-- REQUIRED ACTION --
Exactly the lines from the line with "- WC med varmt og kaldt vann, Dusj" through the final line of the records below, both ends included, are to be set down. Do not include pictures.

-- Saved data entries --
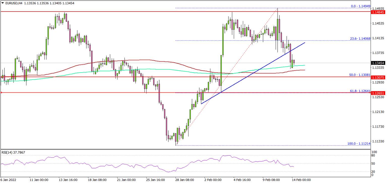 Looking at the 4-hours chart, the pair started a downside correction below the 1.1450 level. The pair spiked below the 38.2% Fib retracement level of the upward move from the 1.1124 swing low to 1.1494 high.
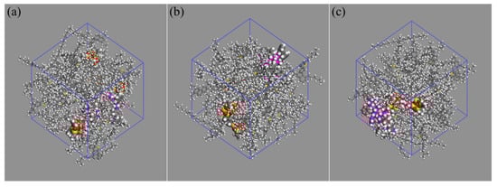 Nano-OvPOSS/SBS modified asphalt models with different nano-OvPOSS diameters: (a) 5 Å nano-OvPOSS; (b) 7 Å nano-OvPOSS; (c) 9 Å nano-OvPOSS.
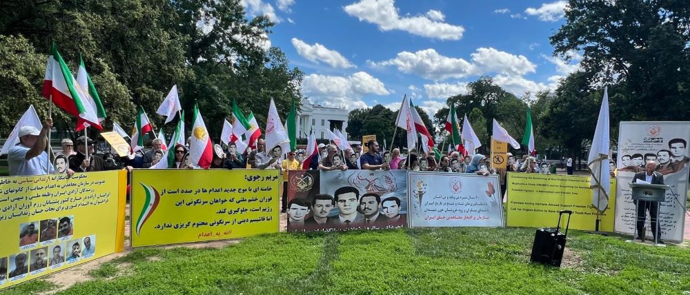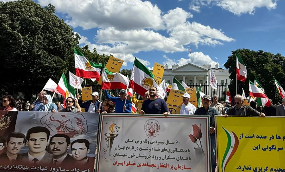 Washington, DC – May 24, 2025: Supporters of the Iranian Resistance from the District of Columbia, Maryland, and Virginia (DMV) gathered in front of the White House to commemorate the anniversary of the execution of the PMOI/MEK’s founders by the Shah’s regime on May 25, 1972.
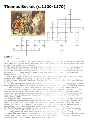 Thomas Becket Crossword by sfy773 Teaching Resources TES
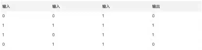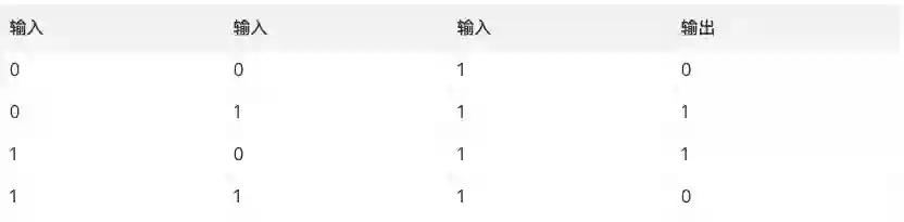 那么,模式是什么呢?看起来结果完全和第三列无关,这一列的值永远是1. 然而,第1列和第2列组合起来看比较清楚。如果第1列和第2列有一列是1(但两列不同为1!),那么输出是1. 这是我们的模式。
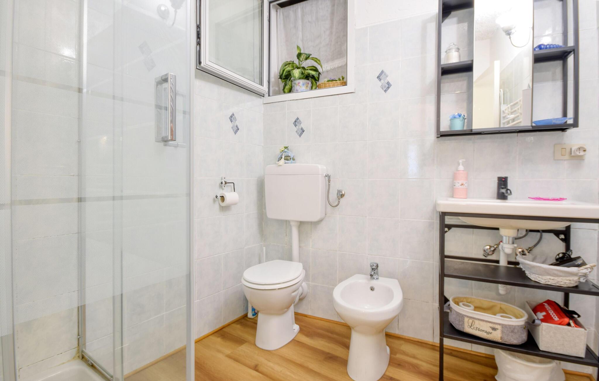 - WC med varmt og kaldt vann, Dusj
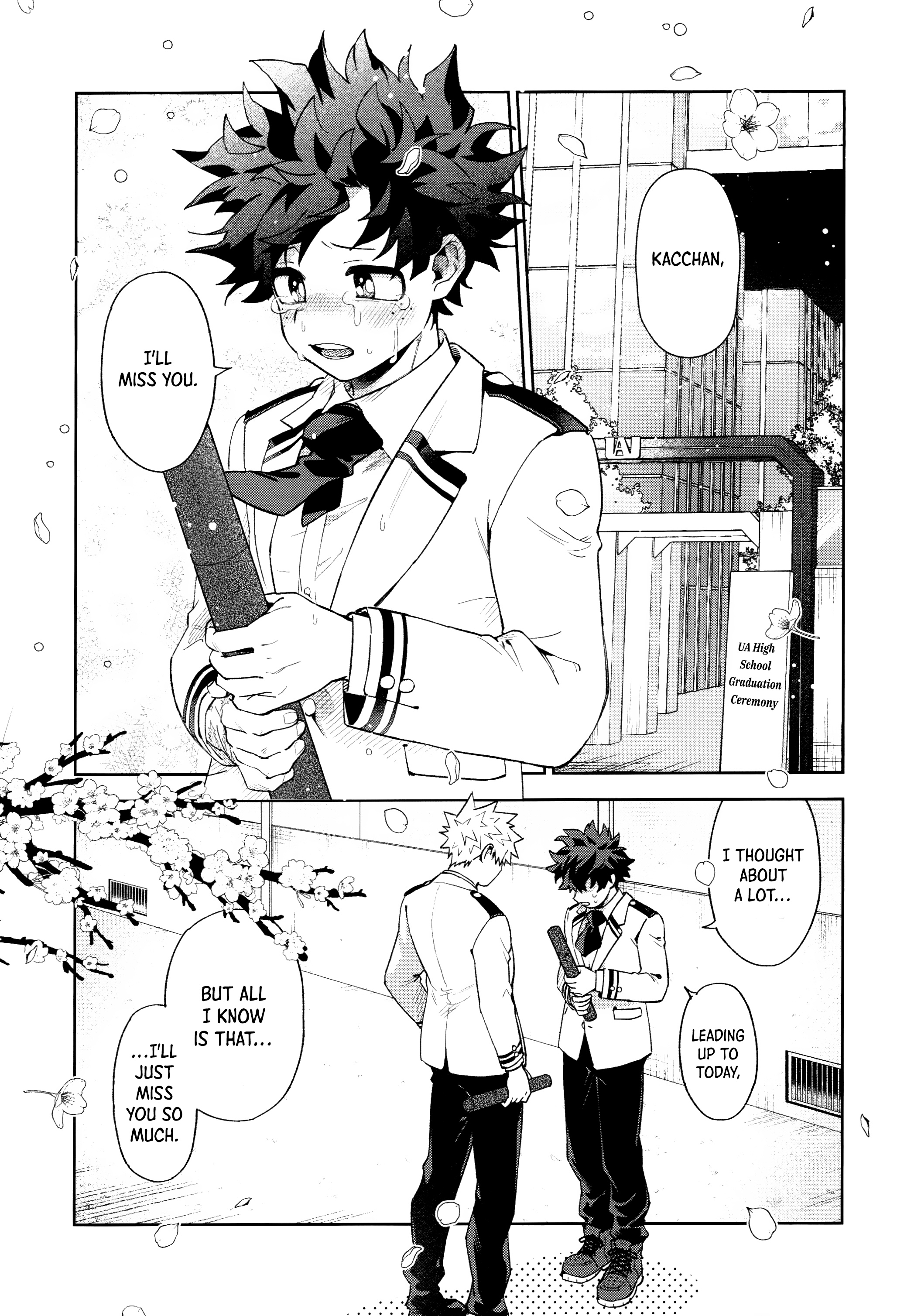 Summary: It's graduation day! Izuku calls Kacchan aside to finally confess his feelings, but Kacchan admits he's known for a long time. After everything they've been through, he explains it had to be Izuku who figured his own feelings out... But how will things go when they actually start dating for real?

-- TASK ANSWER --
 - WC med varmt og kaldt vann, Dusj
 Summary: It's graduation day! Izuku calls Kacchan aside to finally confess his feelings, but Kacchan admits he's known for a long time. After everything they've been through, he explains it had to be Izuku who figured his own feelings out... But how will things go when they actually start dating for real?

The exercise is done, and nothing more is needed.